Peker, sözlerini şöyle sürdürdü:

"İki taraflı kafatası kemiğini tekrar yerine koyup beyin zarının üstüne bir yama yaparak beynin dışarıya doğru genişlemesine imkan tanımış olduk. Kafatasında da tekrar bazı düzenlemeler yaparak, kranioplasti diyoruz buna, ameliyatla kafatasını tekrar eski haline getirmiş olduk. Artık konuşabiliyor, yemek yiyebiliyor, yürüyebiliyor. Bunların hiçbiri ameliyattan önce yoktu. Zamanla beyin kanaması geçirdiği dönemden bile önceki, sağlıklı haline geleceğini düşünüyoruz."

"KEMİKLERİN KORUNACAĞI EN İYİ YER HASTANIN KENDİ VÜCUDU"

Bu tip durumlarda kafatası kemiklerinin vücut içinde saklanarak daha iyi korunduğuna işaret eden Dr. Peker, Yılmaz'ın da bu şekilde 5-6 ay bu kemikleri kendi karnında taşıdığına işaret ederek, "Kafatası kemiğini vücut koşullarında saklayabileceğimiz en önemli yerlerden birisi karında cilt altı bölgesi. Orada beslenmesi devam ediyor ve steril bir ortamda koruyabiliyoruz. Bir diğer bölge de yine hastanın kendi kafatasının üstünde başka bir deri altı bölgesi. Ya da uygun soğuk depolarda, uygun sterilizasyon koşullarında da kafatası kemiklerini saklayabiliyoruz ama en uygunu insanın kendi vücudu. Osman Bey 5-6 ay kadar taşımış oldu kendi kemik dokusunu. Tamamen yatağa bağımlı olma sürecine doğru gidiyordu bu ameliyattan önce. Çünkü beyninde çok ciddi baskı vardı. Sağ olsun yakınları bunu anlamışlar ve bundan olabileceğini keşfetmişler.
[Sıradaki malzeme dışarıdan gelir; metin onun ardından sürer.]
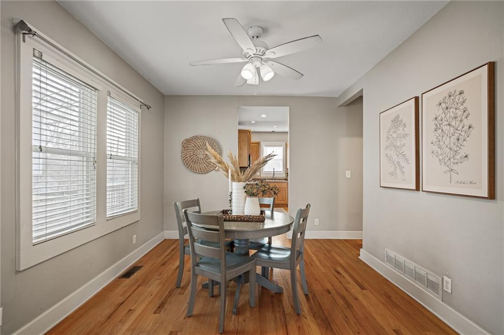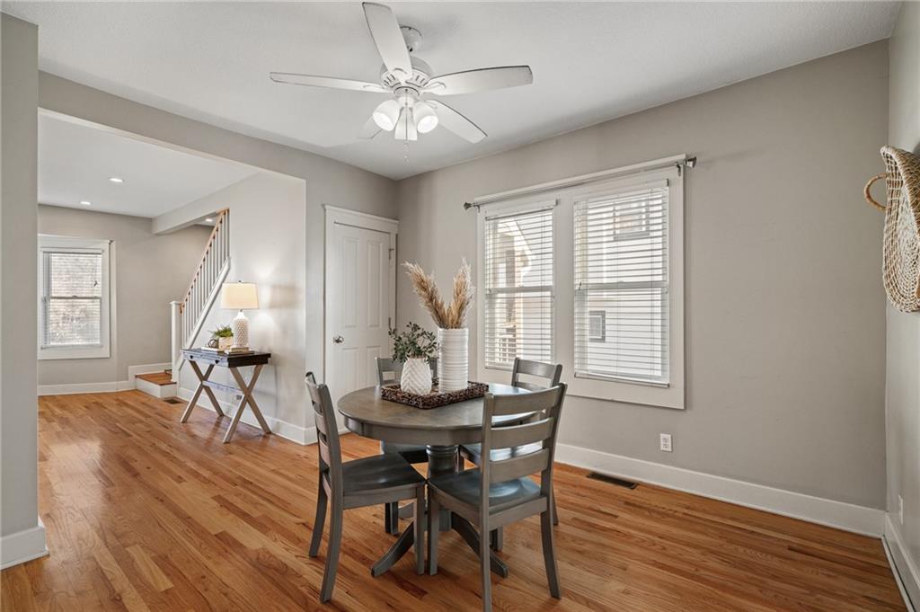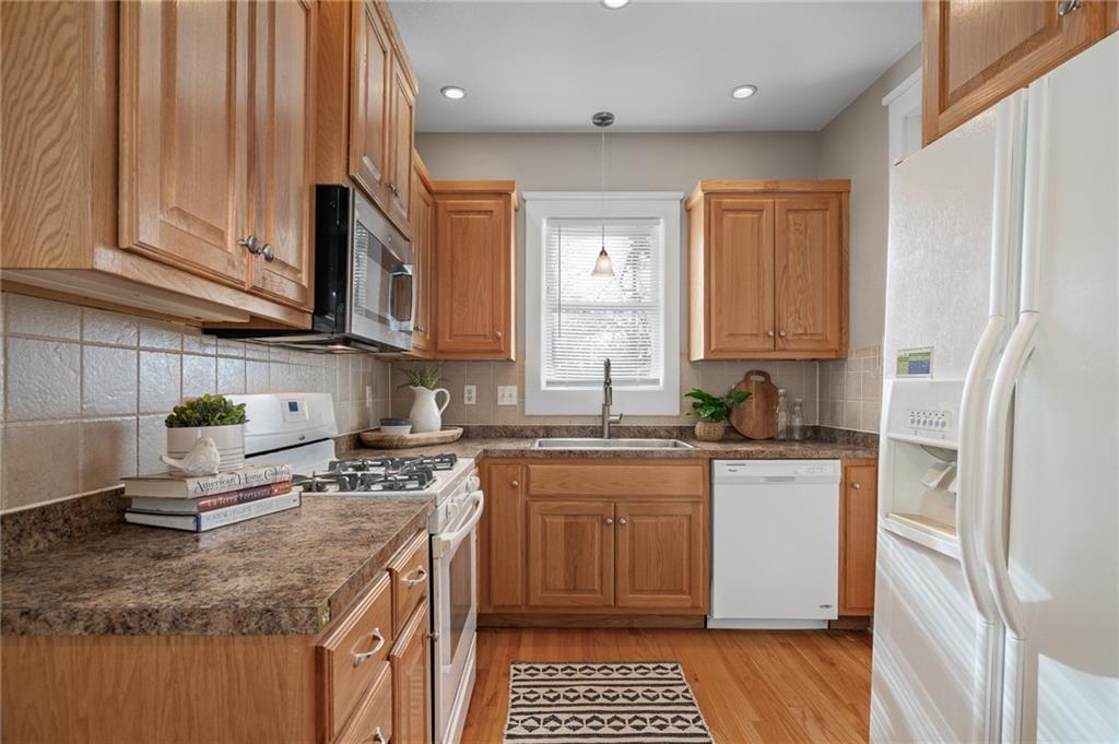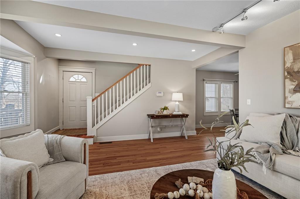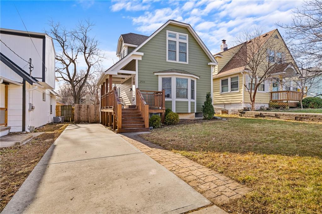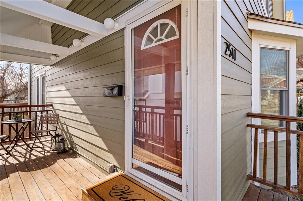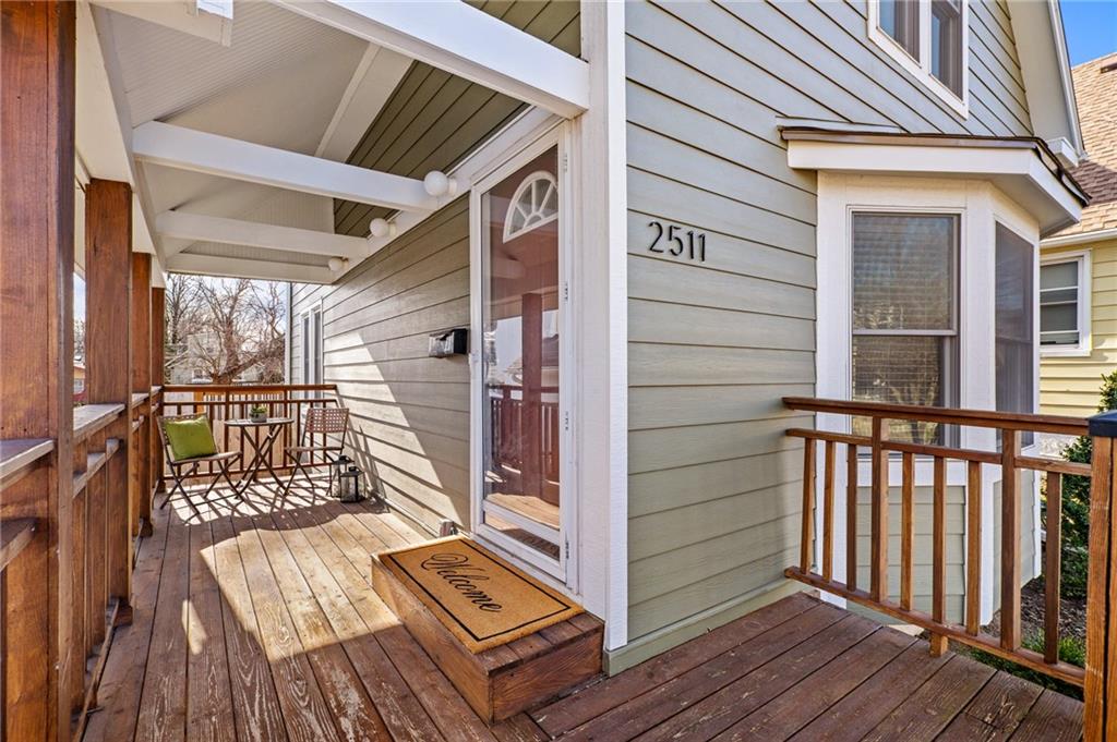 Charming, light-filled, and beautifully updated, this darling two-story home is easy to love. From the inviting façade of quality Hardie Board siding and fresh exterior paint to the expansive stained deck, every detail feels thoughtfully designed. Inside, white oak flooring sets a calm, cohesive tone throughout the main level, where a bright bay window creates the perfect sitting area and open sight lines lead to the dining space and kitchen. The kitchen impresses with quality white oak cabinetry, appliances that stay, and a bonus coffee nook or butlers pantry waiting for your touches. A full bath and a private work-from-home area round out the first floor. Upstairs, the serene primary suite features built-in bookcases, two spacious closets, and charming sconces, while the sun-drenched hall bath connects seamlessly to both bedrooms. The tall, poured-concrete basement offers excellent potential for future living space. Outdoors, enjoy a spacious, manicured backyard with room to play, plus convenient lawn storage beneath the deck. Located just a short distance to neighborhood favorites including Lulu’s Thai Noodle Shop, Joe’s KC Bar-B-Cue, Woodside Health Club, and KU Medical Center—this home delivers comfort, style, and an unbeatable location.

Bence onların bu dikkati de çok önemliydi. Çünkü biraz daha geç kalsalardı, bizim yapacağımız ameliyattan da fayda göremeyecekti büyük ihtimalle." diye konuştu.

"HASTANEDEN YÜRÜYEREK ÇIKTI AMA BİRKAÇ HAFTADA KÖTÜLEŞTİ"

Yılmaz'ın kız kardeşi Tülay Biçer, kardeşinin bir trafik kazası sonucu hayatının alt üst olduğunu anlatarak başlarından geçenleri şöyle anlattı:

"Beyin kanaması geçirdiğini söylediler ve acil bir ameliyata aldılar. 1 aya yakın yoğun bakımda kaldı. Yoğun bakımdan çıktıktan sonra evde gayet iyiydi, tablosu gayet iyiydi. Biz rutin kontrollerine de götürüyorduk. Fakat bu durumunun nedeni hakkında hiçbir bilgimiz olmadığı için anlayamadık başta. Gün gün kafatası içine doğru çökmeye başladı. Artık bütün yetilerini kaybediyordu. Konuşması, oturup kalkması, yürümesi, hatta su içmesi bile kesildi. Hayati fonksiyonları gittikçe düşüyordu. Bir tavsiye üzerine hocamızı bulduk. Artık tam yatalak olmak üzereyken yakaladığımızı söyledi bize. Acilen tekrar ameliyata alındı ve hocamız gerekli bütün tedavilerini yaptı. Ameliyatı olduğundan beri her geçen gün tekrar eski hayatına yavaş yavaş döndüğünü gözlemliyoruz. Tekrar yürümeye konuşabilmeye başladı. Çok aktif, çok çalışkan bir insandı kendisi. Tekrar çalışma hayatına dönmek istiyor bir an önce."